Patients subjected to increased vitamin D activity will have increased calcium and phosphate retention and progressively develop diffuse soft-tissue calcification and hypercalcemia and hyperphosphatemia. The excessive exposure to analogues of vitamin D can occur through ingestion of vitamin D through inadequately formulated or controlled commercial pet foods, the ingestion of products rich in calcitriol analogues and any disorder that results in an active granulomatous inflammatory response. The hallmark of the hypercalcemia associated with vitamin D intoxication is that it will be generally accompanied by hyperphosphatemia.
In cats with hypercalcemia, it is now generally accepted the most common "reason" for this is the syndrome described as "idiopathic feline hypercalcemia" (IFH). Around half the cats with IFH show no clinical signs - with the remainder having signs not inconsistent with the usual systemic and gastrointestinal abnormalities produced by hypercalcemia: depression, inappetence and weight loss, vomiting, diarrhea and occasionally constipation. Uroliths, frequently calcium oxalate, have been reported in roughly 15% of cases. Both total and ionised serum calcium are increased, phosphate is usually normal or increased, PTH is diminished or normal, with normal PTH-rP and 25-D3 and variable but usually decreased 1,25-D3.
Another important reason for hypercalcemia unrelated to increased PTH activity is chronic kidney disease. Although the vast majority of dogs and most cats with azotemic chronic kidney disease (ACKD) have total serum calcium levels in the reference range, some patients will have an elevated total or ionised serum calcium. The overwhelming distinguishing feature between these patients and those with primary hyperparathyroidism is patients with ACKD and hypercalcemia tend to also have elevated or high-normal plasma phosphate concentrations.
There is no single treatment protocol that will be consistently effective for managing hypercalcemia, as first and foremost identification and removal of the underlying cause need to be paramount. However, as this might not always be possible, immediately supportive therapy might need to be considered for variable periods, and for those cases with idiopathic hypercalcemia, supportive therapy will be the only real option.
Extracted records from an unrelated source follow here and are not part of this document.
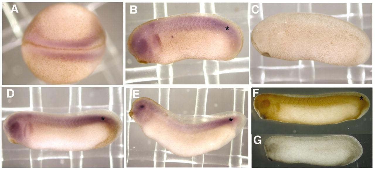 Fig. 1. Expression pattern of EDEN-BP during Xenopus early development. Embryos were collected at different stages: neurula, stage 18 (A); tailbud, stage 25 (B,C,G) and stage 27 (D,F); tadpole, stage 31 (E). (A) Dorsal view, (B-G) lateral views; anterior left. Embryos were processed for whole-mount in situ hybridization using an EDEN-BP antisense (A,B,D,E), or sense (C) probe, or for whole-mount immunohistochemistry using an anti-EDEN-BP antiserum (F), or the corresponding pre-immune serum (G). The asterisks in B, D, E and F highlight the higher amount of EDEN-BP mRNA or protein in the presomitic mesoderm.
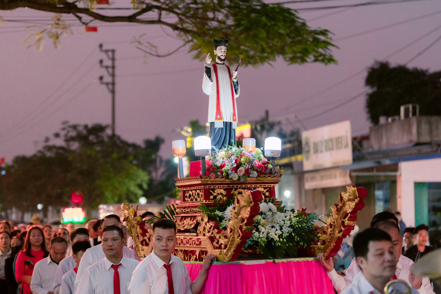 Chiều tối thứ Ba ngày 02/12, làng Quỳnh Hoàng chìm trong không khí của ngày lễ hội khi đoàn rước kiệu Thánh Phanxicô Xaviê cung nghinh quanh làng, mở đầu cho Thánh lễ tri ân tổ tiên do Cha xứ Giuse Vũ Văn Khương chủ tế. Cùng đồng tế với Cha xứ Giuse có Cha cựu quản nhiệm Phaolô Vũ Đình Viết, Cha đặc trách xứ Lập Lễ Phêrô Nguyễn Văn Diện.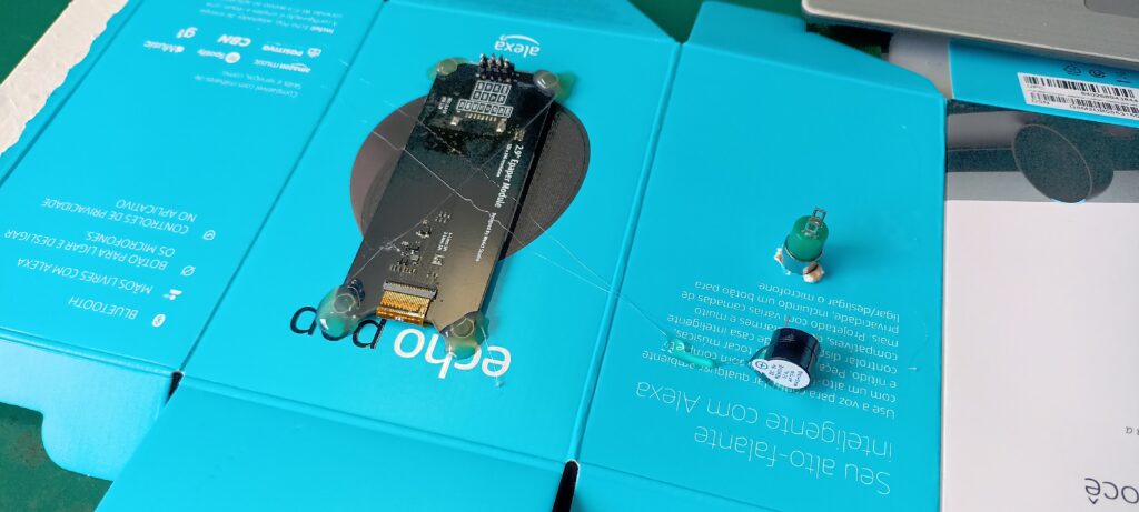 A montagem deste protótipo foi bem rápida, eu utilizei cola quente como meio de fixação. A caixa de papelão utilizada foi onde veio minha Alexa Echo Pop, bem pequena. Veja abaixo o display, o botão e o buzzer já colados.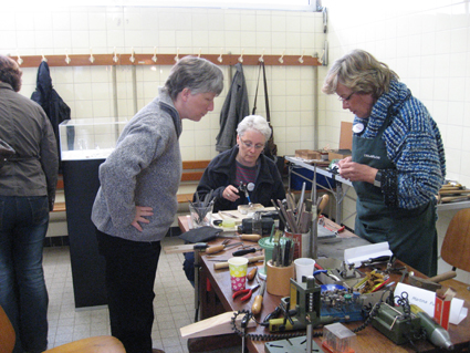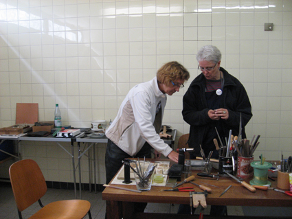 Unsere Bildhauerin Petra Wagner vertauscht ihre großen Feilen und Meissel für eine Zeit mit den feinen Werkzeugen der Goldschmiede, um sich einen Ring zu fertigen. Martina Furk leitet sie an.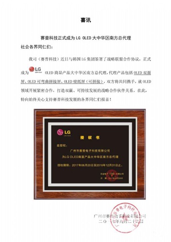 近日,賽普科技官方網站公布一則消息:該公司已于日前正式與韓國LG集團簽署了戰略聯盟合作協議,成為 LG OLED商顯產品大中華區南方總代理。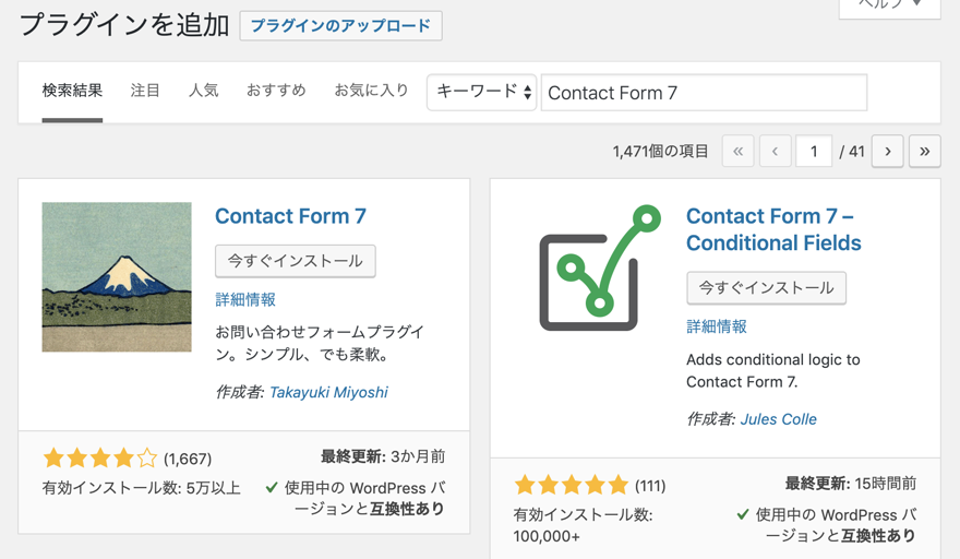 - WordPressの管理画面からプラグインを検索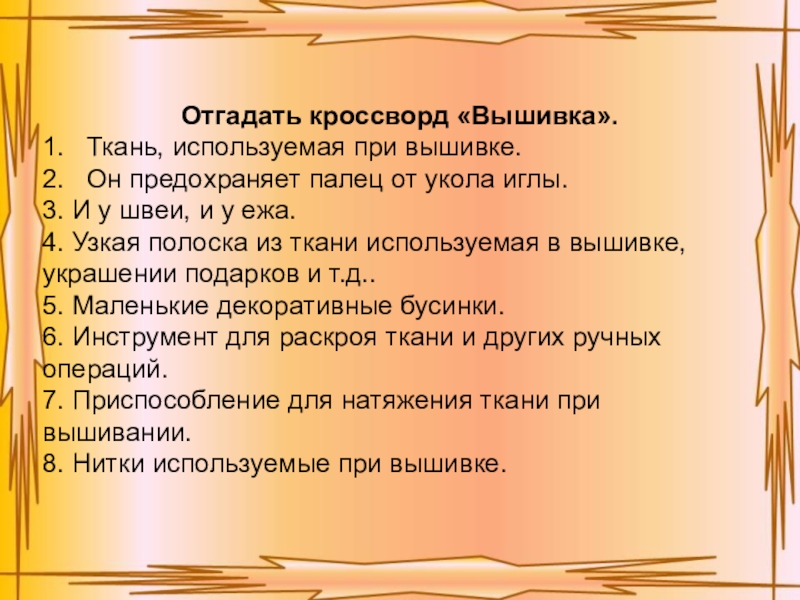 4. Узкая полоска из ткани используемая в вышивке, украшении подарков и т.д..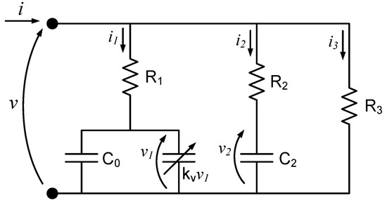 From Figure 1, the two-branch model is analyzed using conventional circuit analysis techniques. By following [9], the assumption R1 = 0 is made, which is reasonable for a DLC [9,15]. Moreover, R3 is assumed known, since this parameter, which is the leakage resistance, is not difficult to find experimentally by using a discharge test without any external load [9]. Moreover, the attempt to retrieve it by using this approach, although theoretically possible, gives rise to an ill-conditioned problem.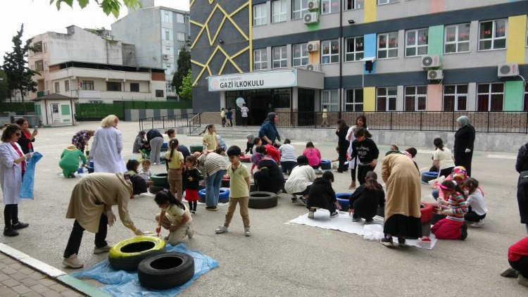 Bursa’da Gazi İlkokulu’nda yapılan etkinlikle yaklaşık 100 veli ve öğrenci eski lastikleri boyayarak saksı yaptı. Renkli lastiklerle birlikte okula yeşil alan kazandırılırken veliler de çocukları ile birlikte keyifli vakit geçirdi. Saksı lastiklere çiçeklerin yanı sıra maydanoz, domates ve çeşitli bitkiler dikildi.

This is best achieved by first administering parenteral fluids and furosemide and then following up with a bisphosphonate. If the animal requires aggressive correction of the hypercalcemia, the parenteral bisphosphonate of choice is pamidronate given intravenously over 2–3 hours at a dose of 1.3–2.0 mg/kg in ~ 150 ml of 0.9% NaCl. This can be repeated weekly for a number of doses as long as renal function remains stable.
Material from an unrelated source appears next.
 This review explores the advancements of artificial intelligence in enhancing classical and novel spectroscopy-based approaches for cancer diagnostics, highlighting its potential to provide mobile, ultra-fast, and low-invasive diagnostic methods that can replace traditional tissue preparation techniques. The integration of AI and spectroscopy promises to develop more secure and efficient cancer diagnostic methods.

Where the situation is less critical and in cats with idiopathic hypercalcemia, the bisphosphonate of choice is alendronate administered orally. The starting dose is 10 mg once weekly in cats and 10–20 mg once weekly in dogs with dose adjustments after review approximately 2–3 weeks later. This class of drug has been linked with esophagitis and stricture in people, and its bioavailability can be compromised if given with food.
The principal long-term adverse effect of prolonged hypercalcemia is renal failure secondary to soft tissue mineralisation. This is much more likely if the phosphorus level is also elevated. A calcium phosphorus product of 4.8 to 6.5 or above (using SI units; 60–80 or above using mg/dl) suggests a high risk of soft tissue mineralisation.